1948 – Gérard Philipe (dégoulinant) tourne "Une si jolie petite plage"

 Une si jolie petite plage, film de Yves Allégret (détail de l'affiche)

Sorti en 1949, Une si jolie petite plage, film de Yves Allégret sur un scénario de Jacques Sigurd, doit beaucoup à l’implication de Gérard Philipe. En 1945, c’est lui qui aurait convaincu son ami (et alors colocataire, rue du Dragon) Sigurd de transformer ce qui était un début de nouvelle en scénario de cinéma. C’est également lui qui use de sa célébrité pour vendre le scénario de Sigurd au producteur et à Allégret. Avec succès, puisque le journaliste à L’Écran Français écrira finalement une sorte de « trilogie noire » pour ce dernier, avec les tout aussi superbes Dédée d’Anvers et Manèges.  

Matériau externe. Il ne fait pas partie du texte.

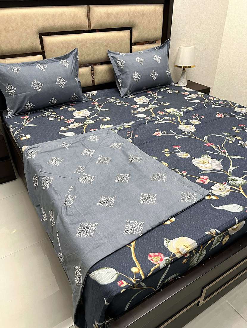 printed tc fitted king-sized bedsheet with 2 pillow covers
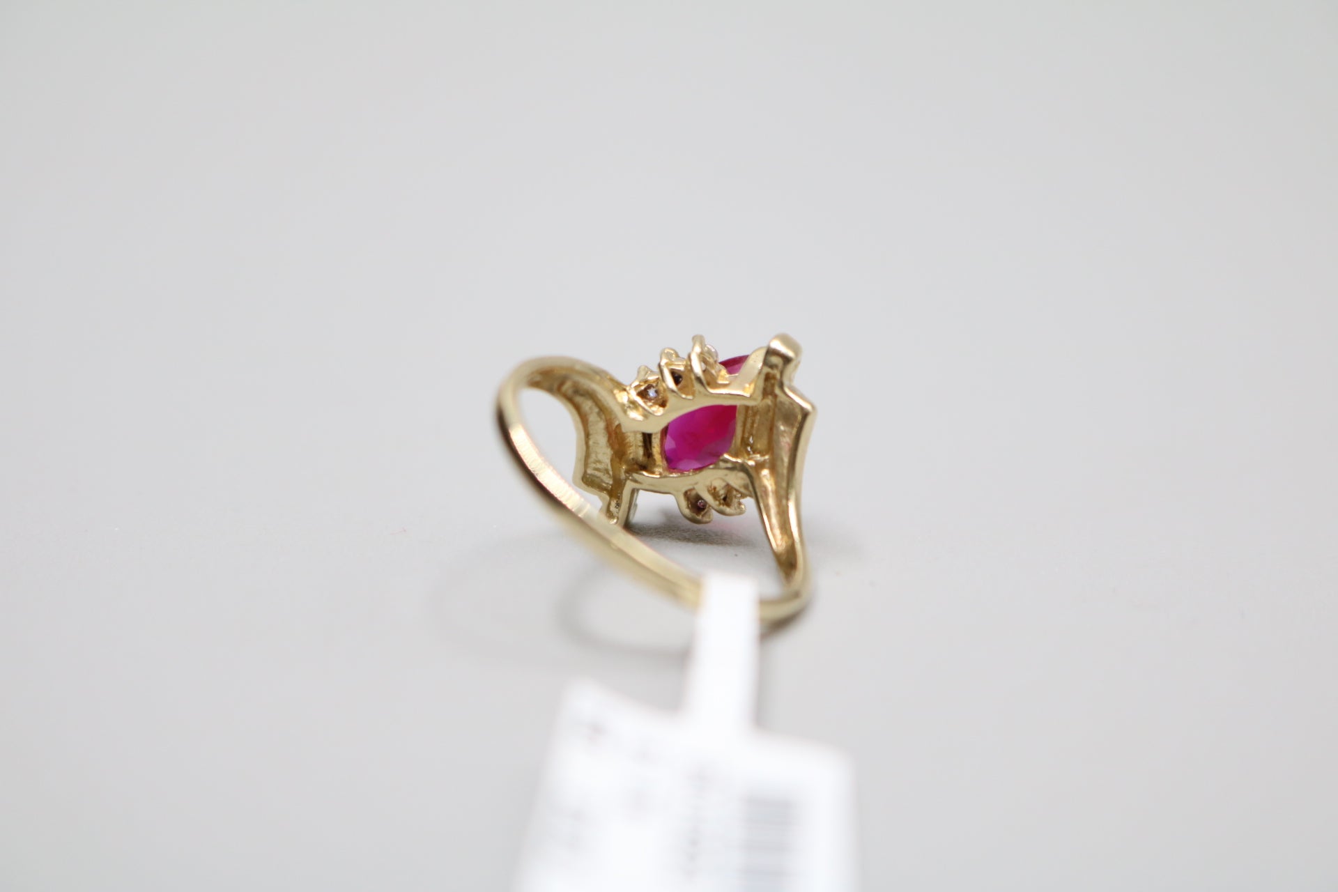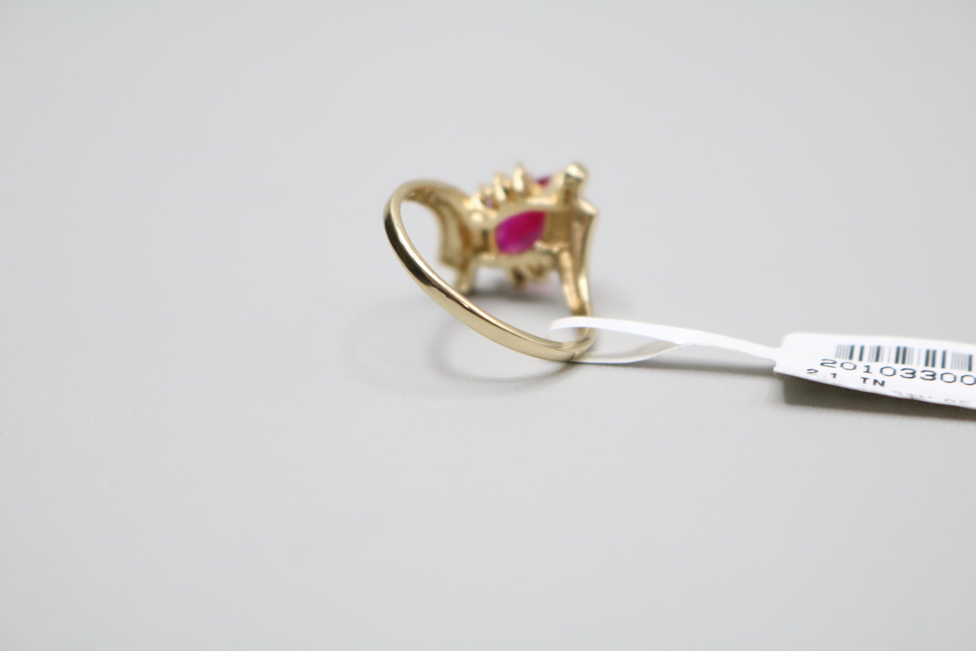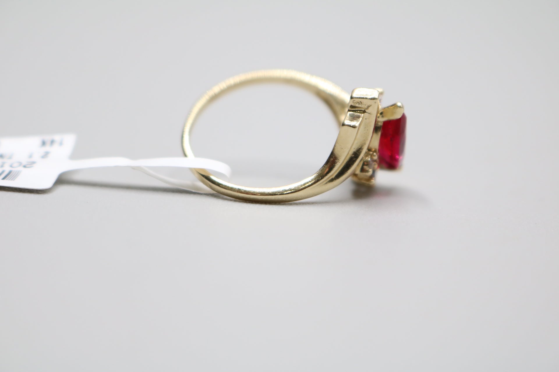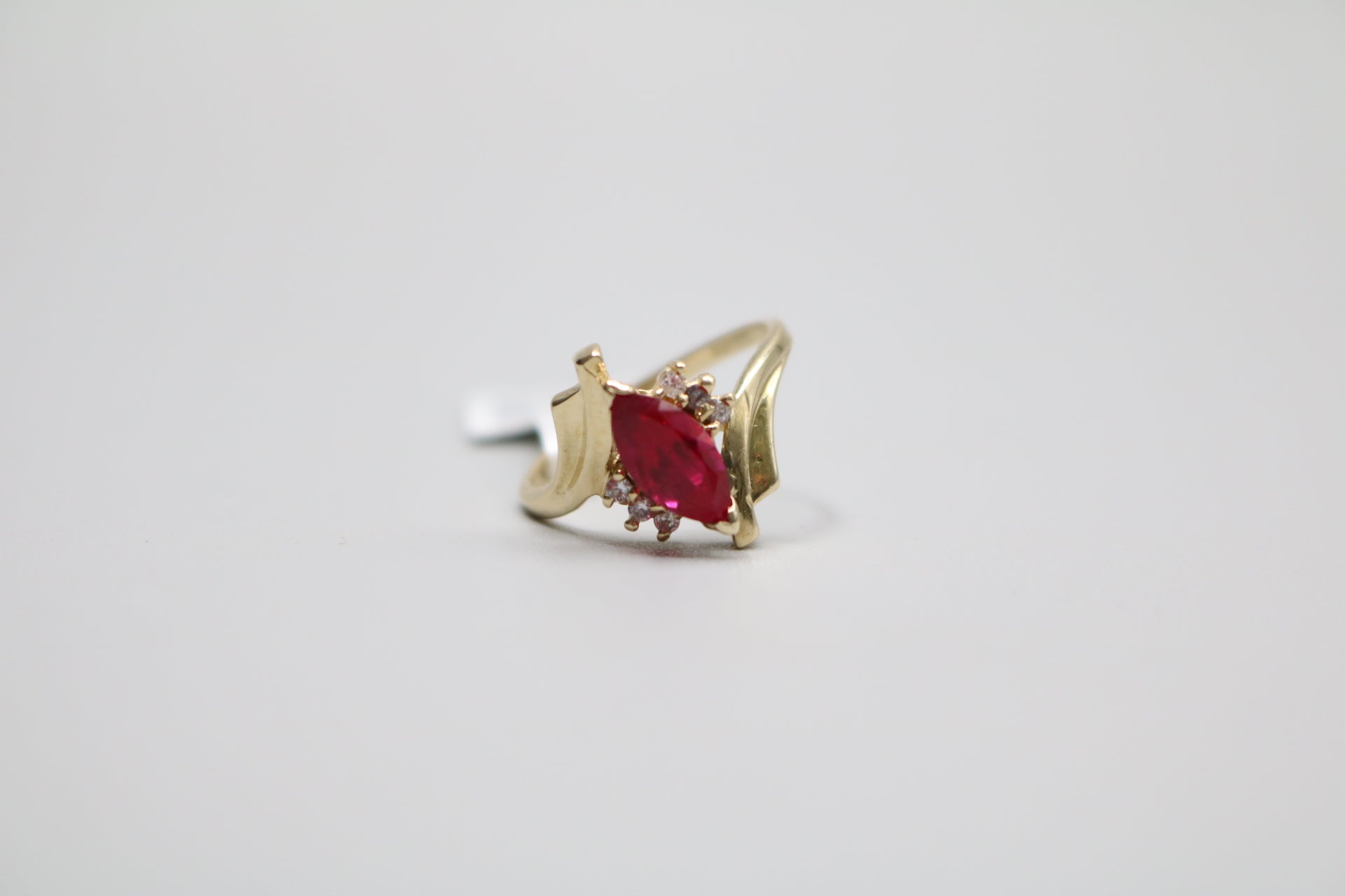 14K Yellow Gold Ring with Ruby and Clear Stones (Size 7)

"Une si jolie petite plage", publicité parue dans "Ce Soir" du 20 janvier 1949

Ce film est aussi une histoire d’amitié, puisqu’il voit la reconstitution, le temps d’un projet, d’un groupe amical qui s’était connu à Nice et Cannes : n’oublions pas que Gérard Philipe y avait fait ses débuts au théâtre avec Une grande fille toute simple que jouait également Madeleine Robinson, qu’il y avait connu Sigurd, et les frères Allégret.

 

Dans une interview, Yves Allégret a expliqué que le point de départ du scénario avait été inspiré par un fait divers :

Il détaillera également son ambition pour son film dans L’Écran Français (14 décembre 1948).

Friande de potins cinématographiques, la presse se fait l’écho de l’avancée du projet :

 

 TEMPÊTE… SUR UNE PETITE PLAGE

Au début d’avril, commenceront les prises de vue du prochain film de Gérard Philipe, Une si jolie petite plage.

Depuis longtemps, le projet était en cours. Exactement au lendemain du succès de Diable au Corps. Micheline Presle devait également faire partie de la distribution et occuper du même coup la place de vedette du film.

Mais, entre-temps, Gérard Philipe a grimpé allégrement au firmament du cinéma. Et ses cachets en ont fait autant. Si bien que l’équilibre du budget du film risquait de se trouver gravement compromis. Du coup, les producteurs devaient faire des sacrifices. Philipe ou M. Presle ? Après quelques hésitations, c’est cette dernière qui a payé les frais – si l’on peut dire – de l’opération et Madeleine Robinson tiendra sa place.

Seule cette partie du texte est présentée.